The subspecialty faculty and clinics are as follows*:
Dr. Joseph Chen
Wednesday 8 AM – 4 PM
Dr. Tung Trang, Dr. Richard Busch
Monday 8 AM – 12 PM
Tuesday 8 AM – 12 PM
Friday 8 AM – 12 PM
Friday 1 PM – 5 PM
Dr. Michael Freeman, Dr. Sara Yegiyants
Tuesday 1 PM – 5 PM
Dr. Auturo Gomez, Dr. Andrea Snow, Dr. Michael Eagan
Tuesday 8 AM – 12 PM, 1 PM – 5 PM
Wednesday 8 AM – 12 PM, 1 PM – 5 PM
Thursday 8 AM – 12 PM, 1 PM – 4 PM
Dr. Jeffery Nalesnik, Dr. Shahab Hillyer, Dr. Vinh Trang
Monday 8 AM – 12 PM
Wednesday 8 AM – 12 PM
Wednesday 1PM – 5 PM
Friday 8 AM – 12 PM
* Clinic times are subject to change. Please review the most current roster with surgery clinics.
Each medical student is expected to rotate through each clinic at least once during the three-week rotation. It is imperative that you read beforehand so that you can have a basic understanding of the subspecialty. This would include a general review of the common diseases seen in the clinics and proposed surgeries if required. Each student will be assigned to one week of urology, one week of combined plastic surgery and ENT, and one week combined of orthopedics and neurosurgery. During each assigned week, students are expected to participate in their respective clinics and operative cases.

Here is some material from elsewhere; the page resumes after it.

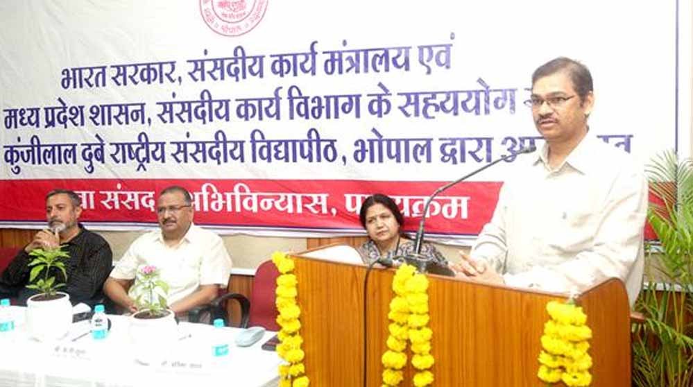 भोपाल के पं. कुंजीलाल दुबे राष्ट्रीय संसदीय विद्यापीठ में युवा संसद प्रभारियों का प्रशिक्षण वीडियो कॉन्फ्रेंसिंग के माध्यम से आयोजित किया गया। इसके उद्घाटन सत्र में अपर मुख्य सचिव संसदीय कार्य विभाग केसी गुप्ता शामिल हुए।

Students are encouraged to review the patients’ presenting complaints and symptoms, their pertinent physical exams, laboratory and diagnostic exams (including radiographic films), and the recommendations for treatment. If surgery is offered during the students’ week on the rotation, students should read prior to the operative procedure and be prepared to assist! Students who are assigned to a Subspecialty Service are expected to participate in subspecialty operative cases throughout the week.
Each Thursday morning of the three-week rotation, students are expected to produce a complete history and physical on a patient that they have seen during that week of Subspecialty Service. This H/P is due at the Clerkship Director’s office by 10 a.m. each Thursday of the three-week rotation. In addition, students will submit weekly rosters of operative cases they have scrubbed into and clinic cases they have seen while on the Subspecialty Services. Please respect patient privacy and INCLUDE PATIENT INITIALS ONLY on submitted paperwork (do not include any patient identifiers such as date of birth or medical record number).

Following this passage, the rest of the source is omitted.